12 months ago, the Australian Federal Government announced a stimulus that allowed Australians to access money from their superannuation accounts early. The intention behind this measure was designed to support people who were adversely financially affected by the unfolding pandemic.
Recently, statistics relating to this measure were released and showed that over 2 million Australians had used this opportunity to access their super early. More interestingly than that though, was that 38% of those 2 million Australians had seen no drop in their income during the COVID-19 crisis. In fact, 21% actually saw an increase in their income of more than 10%. On average, Australians withdrew around $7,495 from their super accounts. The most concerning statistic in our view is that 64% of those 2 million Australians put that money towards discretionary spending – online gambling, clothes and shoes rated among the highest spends.

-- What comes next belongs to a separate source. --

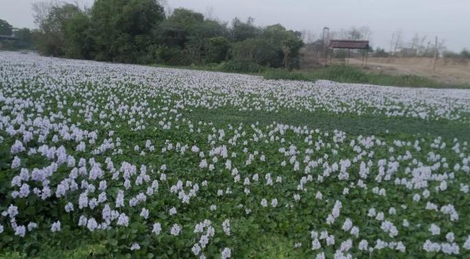 नदीपात्राचा विस्तीर्ण परिसर या गालिचाने संपूर्णपणे झाकून गेला असून, सूर्य मावळतीच्या वेळात विलोभनीय दृश्य अनेकजण कॅमेराबद्ध करीत आहेत. कोरोनाच्या काळातही नदीकाठावर हे दृश्य पाहण्यासाठी गर्दी होत आहे. भर उन्हाळ्यापूर्वी या बंधाऱ्याचे नियोजन केले असल्याने बंधारा पाण्याने तुडुंब भरून आहे. या पाण्यामुळे परिसरातील विहिरींचा व सर्व जलस्रोतांना फायदा झाला आहे. नदीपात्रावर असलेल्या पुलावरूनच नागपूर ते तुळजापूर मार्ग आहे. यावरून जाणाऱ्या-येणाऱ्यांनाही हे दृश्य आकर्षित करीत असल्याचे दिसून येत आहे.

It is hard not to be horrified by this because choosing to take from your super is quite literally taking from your future. It begs the question, why did so many Australians choose to do this if they didn’t really need it? Is it because they had a financial need that couldn’t be identified through these statistics? Potentially. Is it because the allure of an extra $7,495 (or thereabouts) in their bank accounts is just too hard to resist? Perhaps it is that one could not visualise ever having access to this amount of money without taking from their super.
I am of the belief that anyone, no matter their income, has the ability to save $7,495 or any other savings goal they might have. Here are 5 things you can do to achieve it:
1. Create a money plan and really track your spending
We harp on about this one a lot but it’s because we’ve seen it work. If you are not tracking every dollar in and every dollar out, you likely have money slipping through the cracks. If you already have a Money Plan, add a row called ‘5 Steps to $7,495’ (or something a little catchier) and allocate your leftover cash there. If you don’t already have a Money Plan, make one! (You can access the worksheet here!)
Making a plan about where your income will go and what you intend to value will help you achieve this goal (or any financial goal you are setting out to achieve).
2. Reduce your expenses
Cut out the things you don’t need. Swap out a fancy restaurant date night for a fun time at sushi-train. Take your lunch to work instead of jumping on the Uber Eats run. In fact, delete your Uber Eats app altogether. Look at the money going out of your account and reduce, swap and pause anything you possibly can.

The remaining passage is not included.